Design/methodology/approach
The paper provides a definition of aggregative infrastructures, sketching architecture, and components, as inspired by real-case examples. It then describes the limits of current solutions, which find their lacks in the realization and maintenance costs of such complex software. Finally, it proposes D-NET as an optimal solution for designers and developers willing to realize aggregative infrastructures. The D-NET architecture and services are presented, drawing a parallel with the ones of aggregative infrastructures. Finally, real-cases of D-NET are presented, to show-case the statement above.
Findings
The D-NET software toolkit is a general-purpose service-oriented framework where designers can construct customized, robust, scalable, autonomic aggregative infrastructures in a cost-effective way.

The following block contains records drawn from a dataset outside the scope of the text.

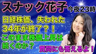 スナック花子ライブ今夜23時!日経株価、失われた34年が終了?!このまま株価上昇は続くのか?皆さんの質問にも答えます!金曜日の夜は花子と一緒に熱い株ナイト、、、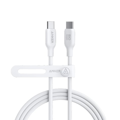 أنكر 544 كابل USB-C إلى USB-C بقدرة 140 واط - مصنوع من مواد طبيعية - بطول 6 أقدام - لون أبيض - الموديل A80F2H21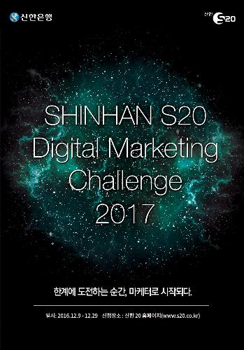 [뉴스토마토 이종용기자] 신한은행은 20대 고객들이 직접 디지털 채널 운영 방안을 기획하고 마케팅 아이디어를 제안할 수 있는 'S20 디지털 마케팅 챌린지 2017'을 개최한다고 12일 밝혔다.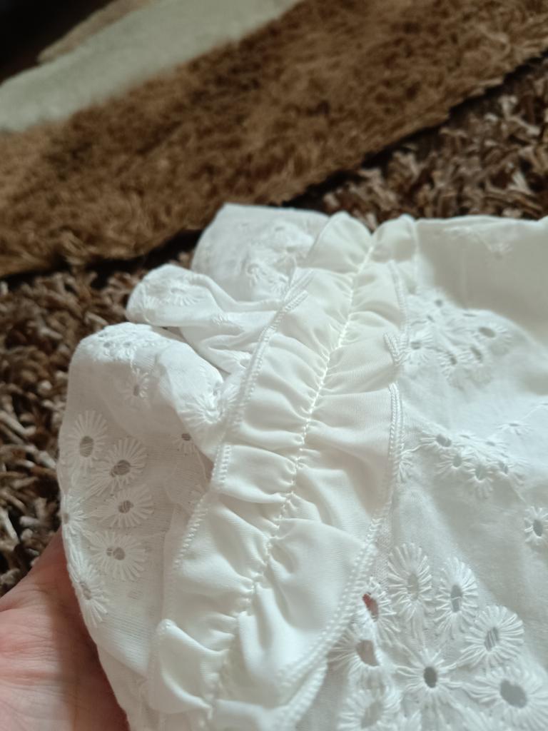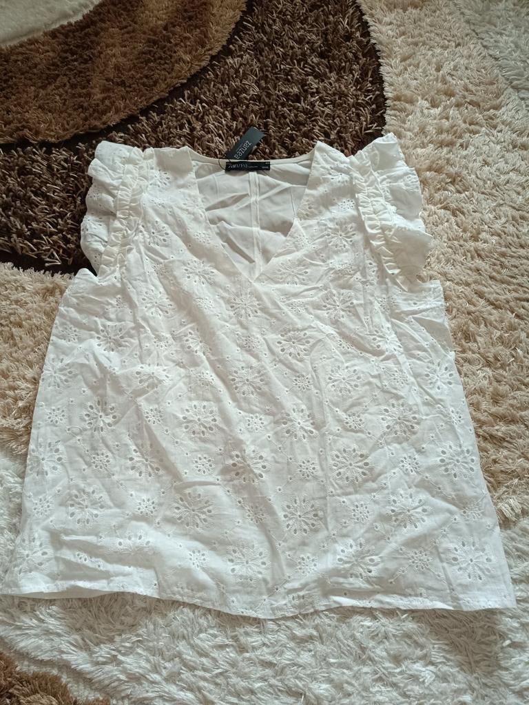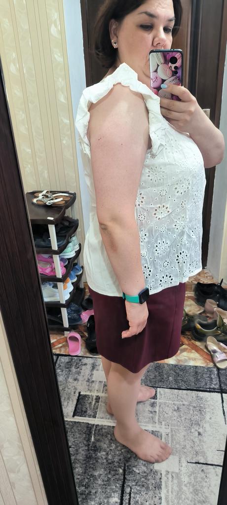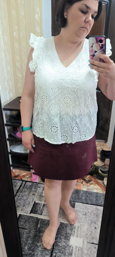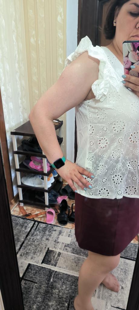 The blouse is pleasant and beautiful. Size M for size 46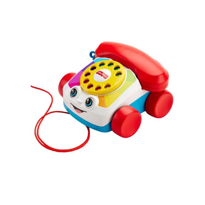 Dette klassiske stykke legetøj med sit rare ansigt, drejeskiven, de sjove telefonringelyde og øjne, der bevæger sig op og ned, når det trækkes afsted, hjælper dit barn med at snakke – og gå – som en professionel.?Dit barn kan sidde og lege med legetøjstelefonen eller trække den afsted, når det gårChatter Telephone®-legetøjstelefonen har sjove ringelyde og øjne, der bevæger sig op og nedDrejeskiven introducerer barnet til tallene 0-9 Opmuntrer til tidlig rolleleg, når babyen eller tumlingen leger, at de "ringer til" nogen. Fra 12 mdr.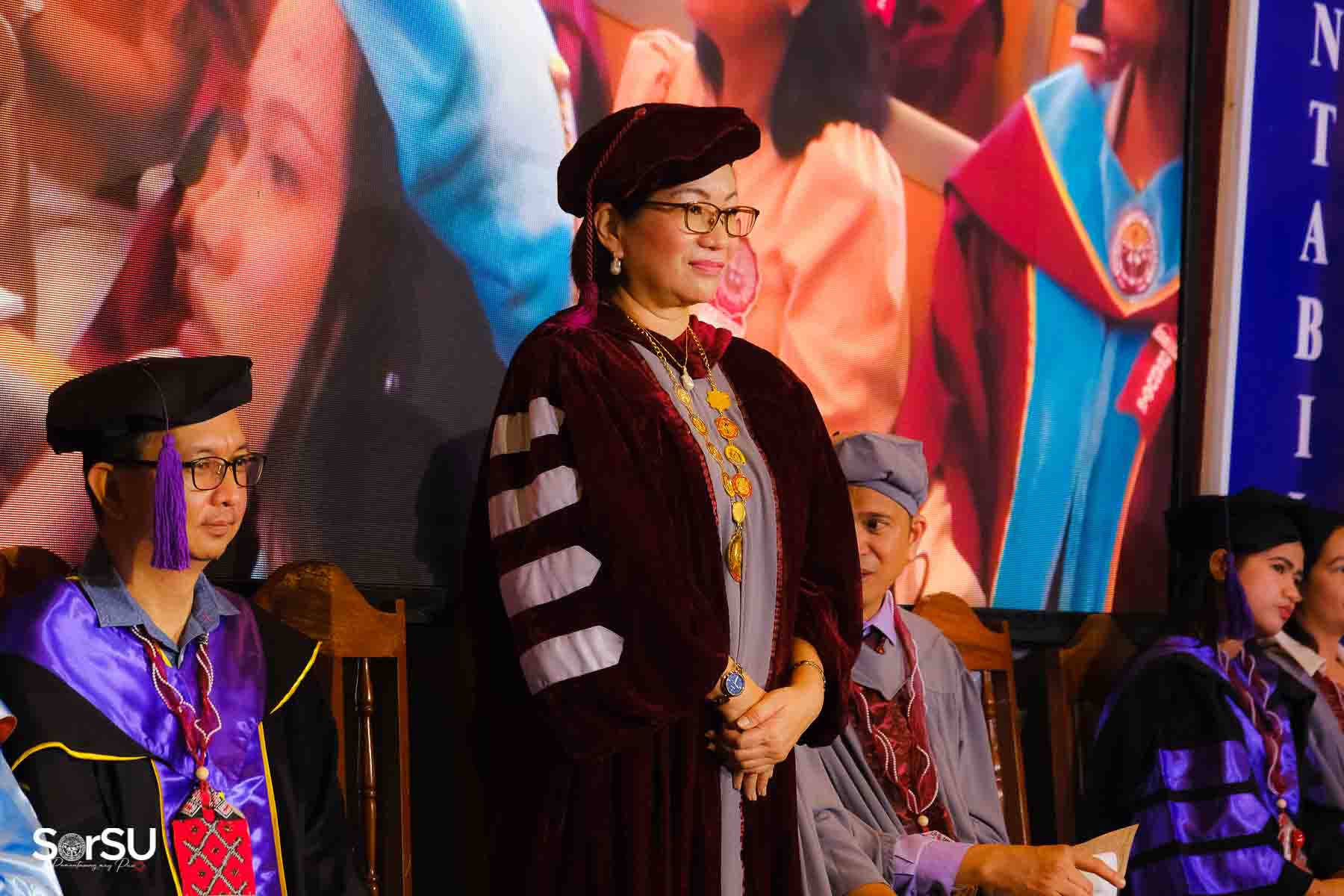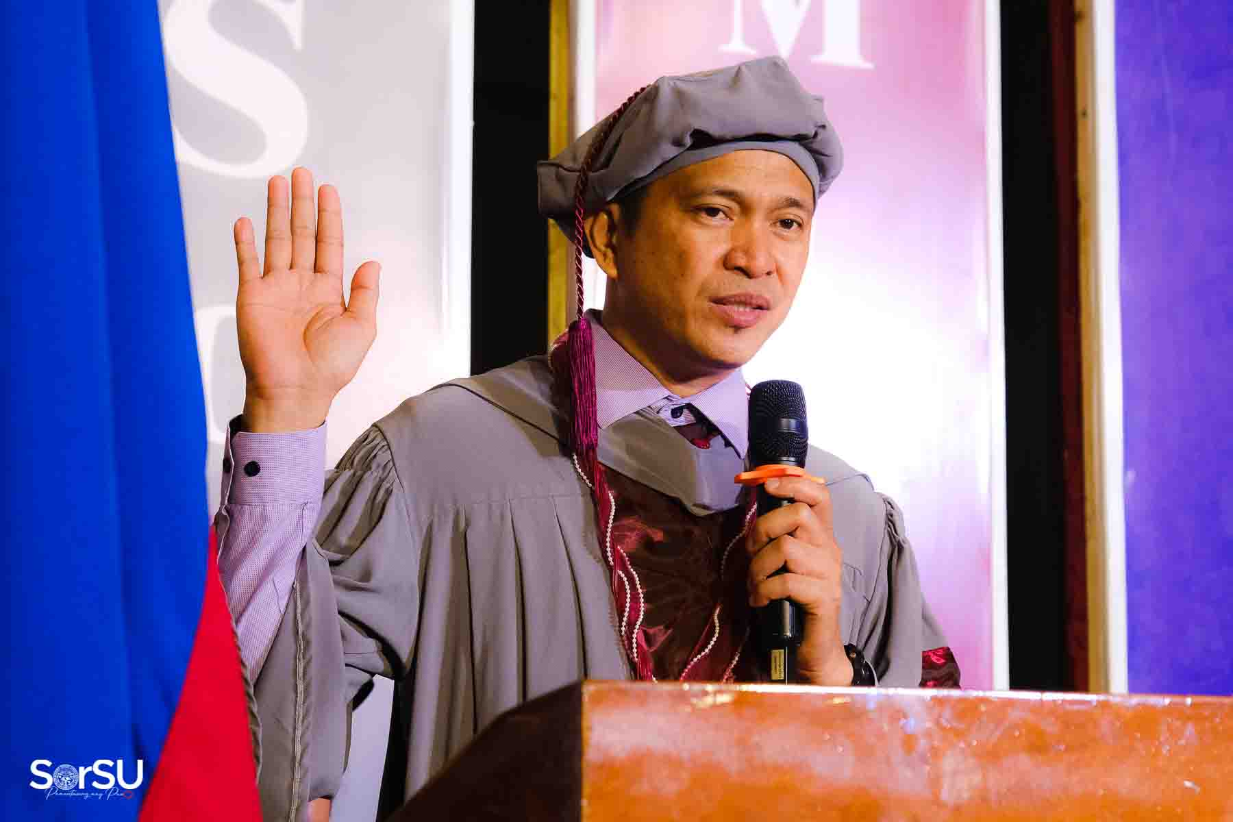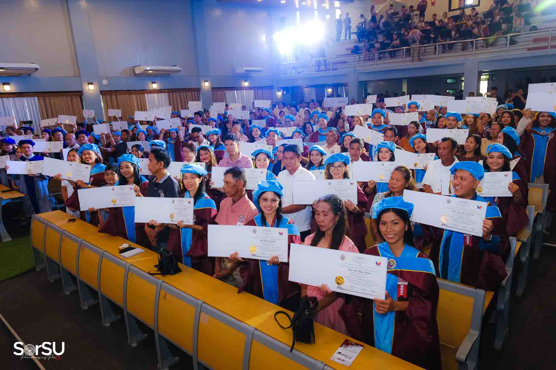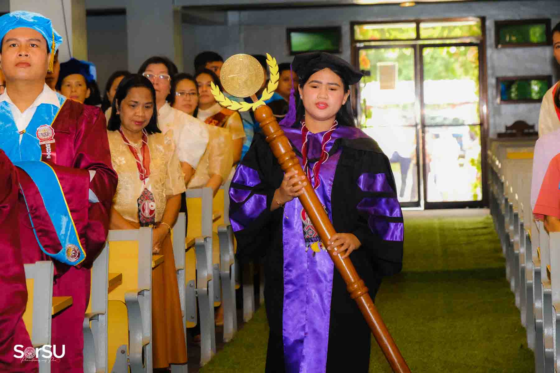Following the awarding of diplomas, the graduates recited the Pledge of Loyalty and were formally inducted into the SorSU Alumni Association. The ceremony ended with the singing of the university hymn, officially concluding the event.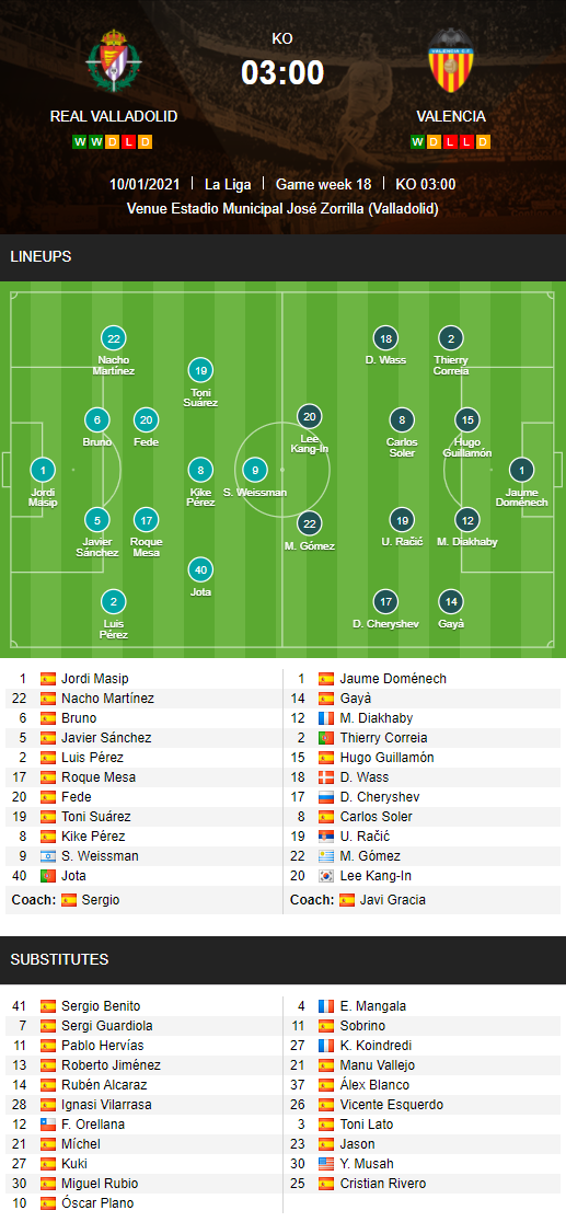 AEGoal chốt kèo bóng đá trực tiếp trận Valladolid vs Valencia diễn ra lúc 03h00 ngày 11/1 trong khuôn khổ giải VĐQG Tây Ban Nha sau khi dựa trên tính toán, chuyển động về kèo châu Á và đội hình ra sân của 2 đội.
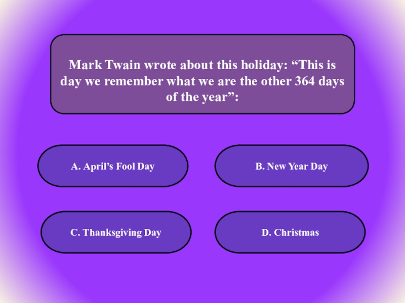 Mark Twain wrote about this holiday: “This is day we remember what we are the other 364 days of the year”: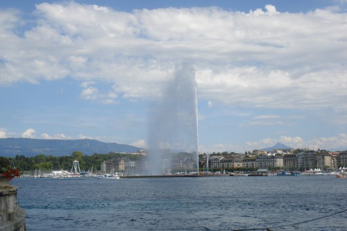 In Genève heb ik nu ruim twee uur overstaptijd. Daarom even naar het Meer van Genève. Als ik de fontein zie spuiten, herinner ik me een eerdere keer dat ik hier was samen met Joke. Dan het lastige van de Zwitserse frank. Je kunt hier wel met euro′s betalen, maar dan krijg je van die stomme franken terug. Toch maar wat eten, wat drinken en drinken mee voor in de trein. Op een groot scherm staat dat het hier 28 graden is en in Basel zelfs 30 graden.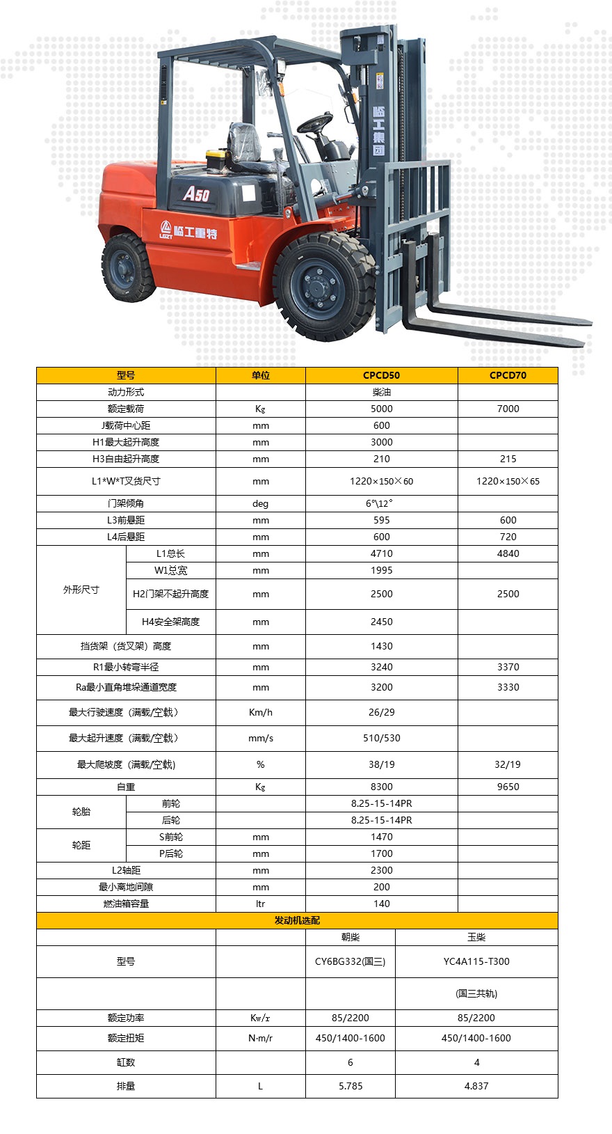 丰田中型工况:内燃平衡重(柴油/汽油/LPG) FDZN/FGZN20-30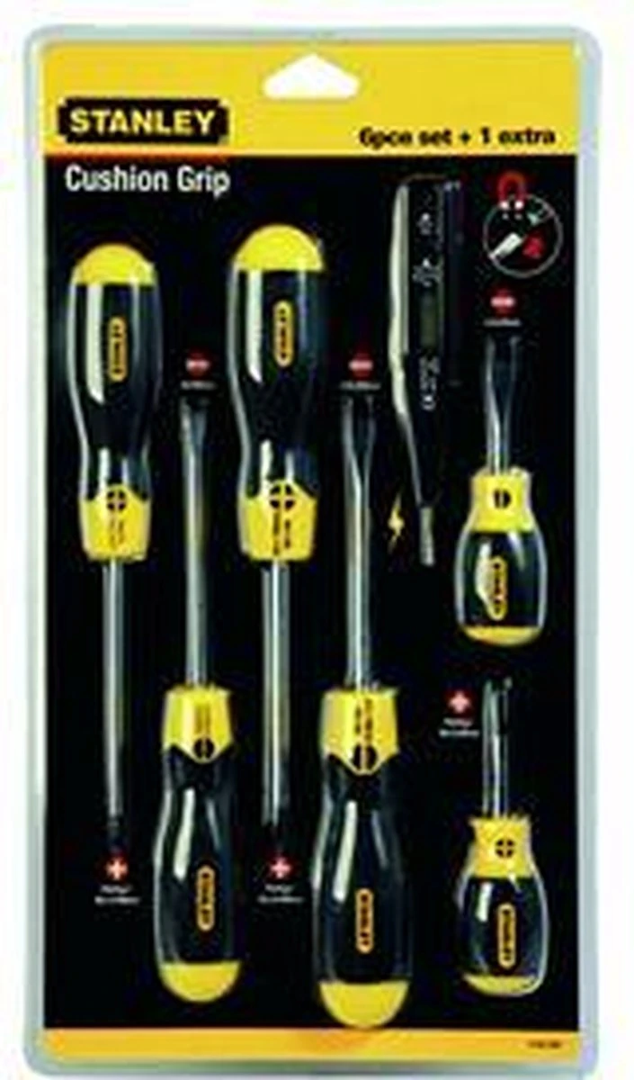 Met deze 6- delige STANLEY Cushiongrip Schroevendraaierset weet je zeker dat je altijd de juiste schroevendraaier bij de hand hebt. Een zeer geschikte en comfortabele set.
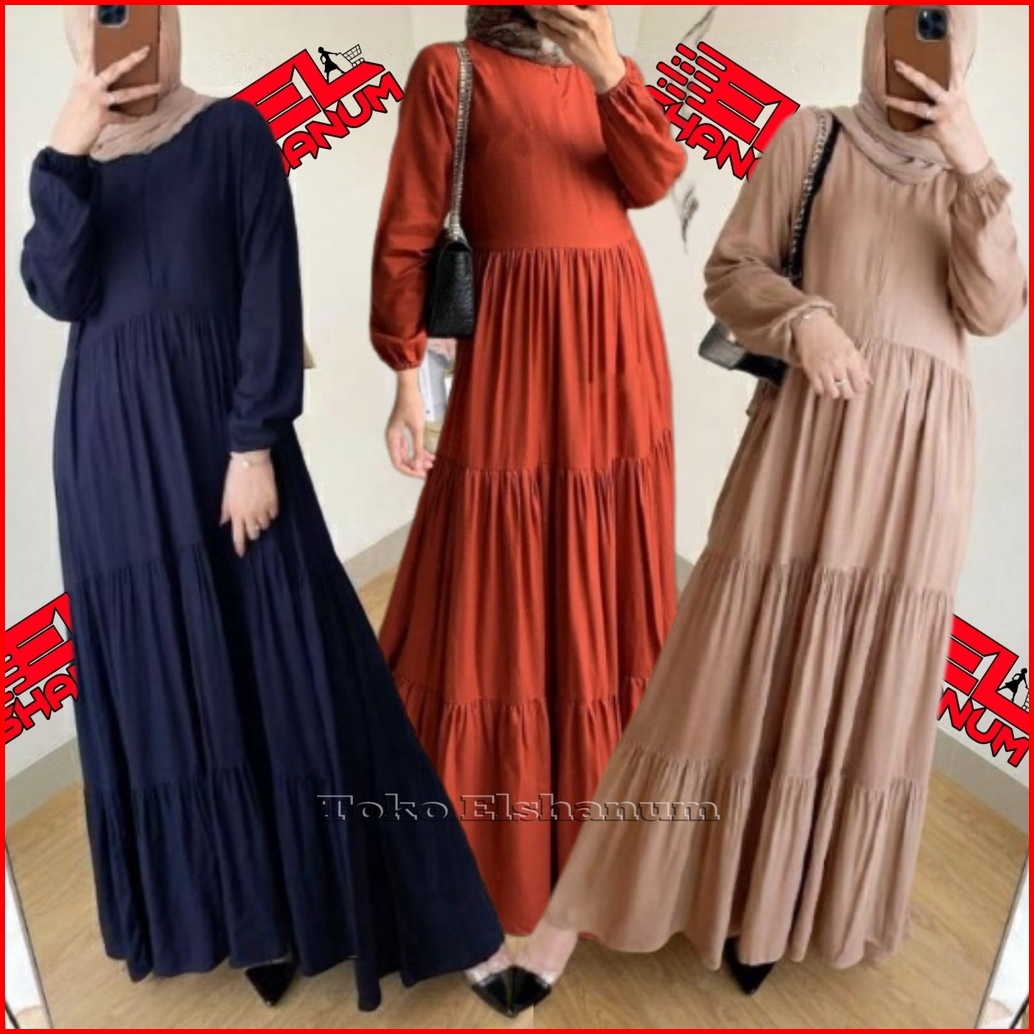 Gamis Syari Twill Polos Terbaru Rayon Kandel Super Premium Gamis Jumbo Busui Lengan Panjang Kerut Murah Baju Muslim Wani

D-NET is today adopted by several EC projects, national consortia and communities to create customized infrastructures under diverse application domains, and other organizations are enquiring for or are experimenting its adoption. Its customizability and extendibility make D-NET a suitable candidate for creating aggregative infrastructures mediating between different scientific domains and therefore supporting multi-disciplinary research.
Originality/value
D-NET is the first general-purpose framework of this kind. Other solutions are available in the literature but focus on specific use-cases and therefore suffer from the limited re-use in different contexts. Due to its maturity, D-NET can also be used by third-party organizations, not necessarily involved in the software design and maintenance.